=== Problem statement ===
In the answer, give the entries below exactly, from the first line through the line with "Loa Bluetooth MP3", with every picture omitted.
BEGIN
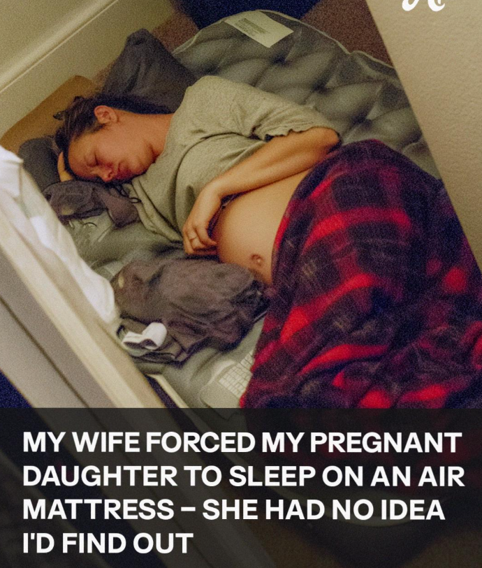 She was curled up on a thin, squeaky air mattress, one of those emergency ones you throw together for camping trips or unexpected guests. Her blanket had slipped halfway down her belly. She looked uncomfortable, her face tight and restless even in sleep.
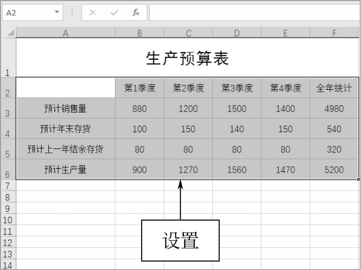1.2.3 设置生产预算表的格式
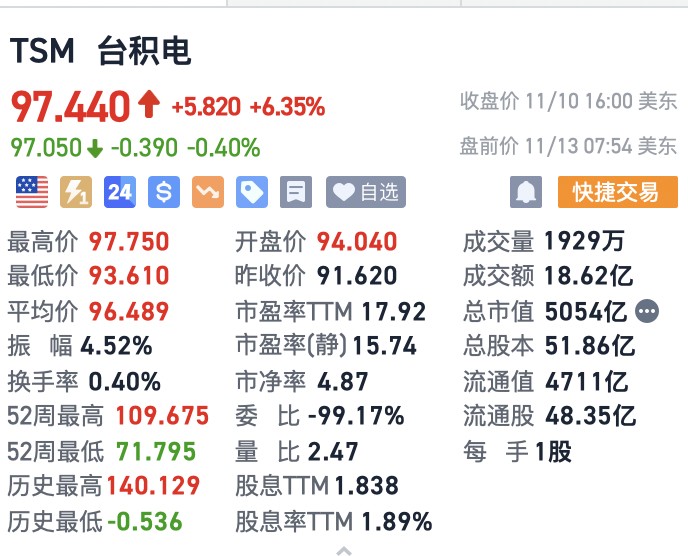 分析师认为这也可以看出全球芯片市场似乎正逐渐从低谷中复苏。受此消息提振,台积电美股上周五收涨 6.35%,创下 5 月份以来的最大单日涨幅,今日美股盘前台积电小幅下跌 0.4%。
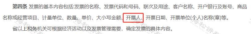 这里仅规定了“”开票人”是发票的基本内容,“复核人”属于可填可不填项目。《关于做好增值税发票使用宣传辅导有关工作的通知》(税总货便函[2017]127号)的第十二条规定
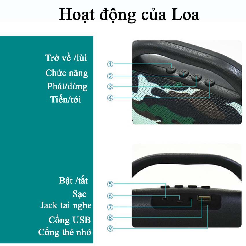 Loa Bluetooth MP3 Đa Năng Nghe Đài FM, Thẻ nhớ, USB Pin 1200mAh Nghe Nhạc - 8 Tiếng
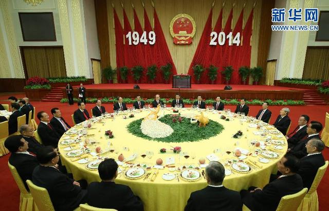 据新华社电 国务院昨晚在人民大会堂举行国庆招待会,热烈庆祝中华人民共和国成立65周年。习近平、李克强、张德江、俞正声、刘云山、王岐山、张高丽等党和国家领导人与3000余名中外人士欢聚一堂,共庆佳节。 中共中央总书记、国家主席、中央军委主席习近平代表党中央、国务院,向全国各族人民、全体共产党员,向中国人民解放军指战员和武警部队官兵,向各民主党派和无党派人士致以崇高的敬意;向香港特别行政区同胞、澳门特别行政区同胞、台湾同胞和广大海外侨胞致以诚挚的问候;向支持和帮助新中国建设事业的友好国家和国际友人致以衷心的感谢。 人民大会堂宴会厅华灯璀璨,鲜花绽放,洋溢着庄重热烈的节日气氛。主席台上方高悬着庄严的国徽,“1949-2014”的大字年号在红旗映衬下格外醒目。 晚6时许,在《迎宾曲》声中,习近平等党和国家领导人步入宴会厅,全场响起热烈掌声。 招待会开始。全场起立,高唱国歌,庄严雄壮的《义勇军进行曲》在大厅久久回荡。 习近平指出,面向未来,我们必须坚持把中国共产党建设好,坚持党要管党、从严治党,增强党自我净化、自我完善、自我革新、自我提高能力,永不动摇信仰,永不脱离群众。凡是影响党的创造力、凝聚力、战斗力的问题都要全力克服,凡是损害党的先进性和纯洁性的病症都要彻底医治,凡是滋生在党的健康肌体上的毒瘤都要坚决祛除,使中国共产党始终同人民心连心、同呼吸、共命运。 习近平强调,面向未来,我们必须坚持谦虚谨慎、戒骄戒躁。中国仍处于并将长期处于社会主义初级阶段的基本国情没有变,实现13亿多人共同富裕任重道远。生于忧患,死于安乐。无论什么时候我们都不能骄傲自满,党不能骄傲自满,国家不能骄傲自满,领导层不能骄傲自满,人民不能骄傲自满,而是要增强忧患意识、慎终追远,始终保持艰苦奋斗的作风。 习近平指出,祖国960多万平方公里的锦绣河山,为我们创造伟业铺就了广阔舞台。中华民族5000多年创造的灿烂文明,为我们奋勇前进提供了强大精神力量。新中国成立65年来取得的巨大发展成就,为我们再创辉煌奠定了坚实基础。全党全国各族人民、海内外中华儿女,让我们手拉手、肩并肩,高高扬起中国航船的风帆,朝着中华民族伟大复兴的光辉彼岸,继续破浪前进吧。 在喜庆欢快的乐曲声中,中外宾朋举杯共庆中华人民共和国65华诞,同祝国泰民安、世界和谐。 中共中央政治局常委、国务院总理李克强主持招待会。 马凯、王沪宁、刘延东、刘奇葆、许其亮、孙春兰、孙政才、李建国、李源潮、汪洋、张春贤、范长龙、孟建柱、赵乐际、胡春华、栗战书、郭金龙、韩正出席招待会。 从党和国家领导职务上退下来的老同志江泽民、胡锦涛、李鹏、朱镕基、李瑞环、吴邦国、温家宝、贾庆林、宋平、李岚清、曾庆红、吴官正、李长春、罗干、贺国强也出席了招待会。 出席招待会的还有:中共中央书记处、全国人大常委会、国务院、最高人民法院、最高人民检察院、全国政协、中央军委领导同志和从领导职务上退下来的老同志。 □揭秘国庆招待会 国宴用餐以淮扬菜为基准 昨晚,中华人民共和国成立65周年国庆招待会在人民大会堂二层宴会厅举行,国庆招待会作为中国的一场重大政治宴席,它不仅仅是一顿晚宴,更是各民族、港澳台同胞、各界人士普天同庆的团圆时刻。招待会一般会邀请哪些人出席,用餐位置有无讲究,饮食如何安排?昨日,外交部礼宾司前代司长、中国驻斯洛文尼亚共和国首任大使鲁培新接受京华时报记者专访,揭秘国庆招待会上的点点滴滴。 >>嘉宾邀请 会邀请农民和企业家等 京华时报:一般会邀请哪些人出席? 鲁培新:每年举办的国庆招待会一般由国务院机关事务管理局和外交部礼宾司共同承办,在筹办前期,他们会提前给中央提交一份简练的国庆原则报告,报告大概两三页,内容包括时间、地点、邀请名义、邀请规模等。 在实际操作中,国务院机关事务管理局主要负责邀请国内各界人士,具体排座按区分配,有国家领导人、前国家领导人、政府官员、各民主党派、军队人士、烈士家属、知识分子、文艺界人士、科技工作者、教师、港澳台同胞、工人农民代表、优秀企业家等。 京华时报:是否会邀请外国领导人? 鲁培新:为减少耗费资金,国庆招待会如今不搞大型庆祝活动,即使逢五逢十也不会特地邀请外国重要外宾(总统、总理),如果正好在国庆期间,有些部委有重大外宾要接待,便会顺理成章地邀请他们参加。一般邀请的国外友人包括,各国驻华大使和夫人、外国专家、联合国系统驻中国代表等。 过去有一个特殊的例子是柬埔寨前国王西哈努克,由于他经常在北京,因此多次受到国务院邀请参加国庆招待会,但这种情况并不多见。 >>入席事项 请帖附平面图方便入座 京华时报:筹备期间有何注意事项或禁忌? 鲁培新:由于考虑到来宾中有信奉天主教人士,餐桌桌次排列中没有第13桌。在过去500桌的晚宴是一个庞大的工程,为防止出现因找不到位置而导致场面混乱的情况,一般发请帖时,我们会将各桌桌次都写在请帖上,信封里面还会附上一个宴会厅平面图,来宾可以一目了然知道自己所在桌次的位置。 京华时报:整个流程如何安排?鲁培新:9月30日晚上6点招待会开始,整个国宴时间约一个半小时,主席台上方有一个会标“1949-2014”。领导
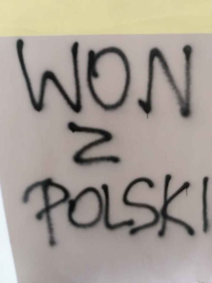 Вночі з п’ятниці на суботу у квартиру українців, які будують Варшавське метро, була кинута пляшка із запалювальною сумішшю, а стіни сходової клітки брутально обписані. Про це на своїй сторінці у Фейсбук повідомив Центр моніторингу расистської та ксенофобської поведінки. Власне до цієї організації з листом звернулися постраждалі:
END
=== Output ===
 She was curled up on a thin, squeaky air mattress, one of those emergency ones you throw together for camping trips or unexpected guests. Her blanket had slipped halfway down her belly. She looked uncomfortable, her face tight and restless even in sleep.
1.2.3 设置生产预算表的格式
 分析师认为这也可以看出全球芯片市场似乎正逐渐从低谷中复苏。受此消息提振,台积电美股上周五收涨 6.35%,创下 5 月份以来的最大单日涨幅,今日美股盘前台积电小幅下跌 0.4%。
 这里仅规定了“”开票人”是发票的基本内容,“复核人”属于可填可不填项目。《关于做好增值税发票使用宣传辅导有关工作的通知》(税总货便函[2017]127号)的第十二条规定
 Loa Bluetooth MP3 Đa Năng Nghe Đài FM, Thẻ nhớ, USB Pin 1200mAh Nghe Nhạc - 8 Tiếng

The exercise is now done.